Public Health England warns that more school closures may be necessary
There were 30 Covid-19 outbreaks in English schools following their reopening in June, according to a new analysis.
A Public Health England (PHE) report published on Sunday said that the reopening of schools following the relaxation of national lockdown restrictions resulted in a total of 198 confirmed Covid-19 cases.
Of these, 70 cases were in children and 128 amongst school staff.
During June, there were 67 single confirmed cases, four “co-primary” cases and 30 Covid-19 outbreaks in schools.
A total of 121 cases were linked to the outbreaks – 30 in children and 91 in staff, it found.
Co-primary cases are defined as two or more confirmed cases of Covid-19 with a common epidemiological link diagnosed at the time.

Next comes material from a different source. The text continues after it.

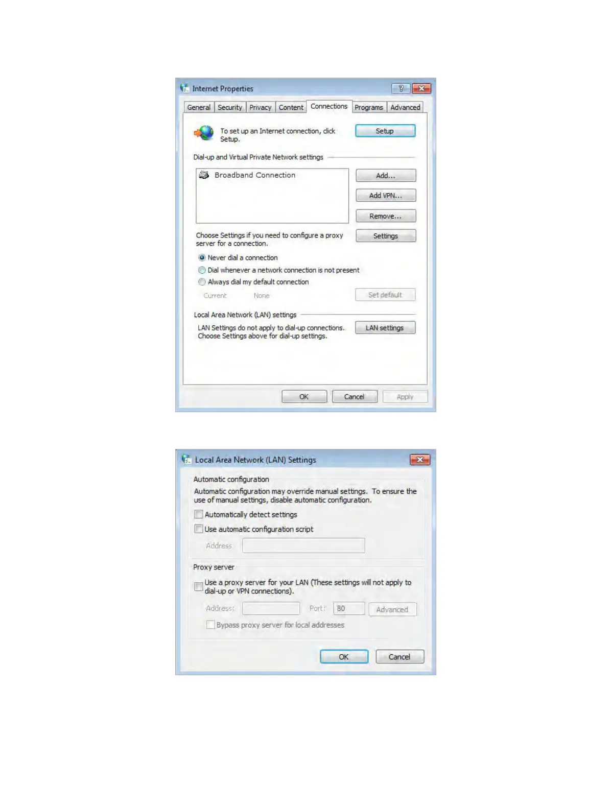 4 ) Click LAN settings and deselect the following three options and click OK.

Covid-19 Outbreaks were defined as two or more epidemiologically linked cases where subsequent cases were diagnosed within 14 days.
Further school closures possible on Covid-19 outbreaks
The findings reveal that only 0.01 per cent of open educational settings had an outbreak and that out of more than one million children attending pre-school and primary school in June, only 70 were affected.
Infections in the wider community were believed to have driven cases in schools, findings noted as unsurprising due to community transmission providing more opportunities for the virus to be introduced into educational settings.
The research said that further school closures may be required in areas with a spike in community infection rates, but that this should only be considered “in extremis”.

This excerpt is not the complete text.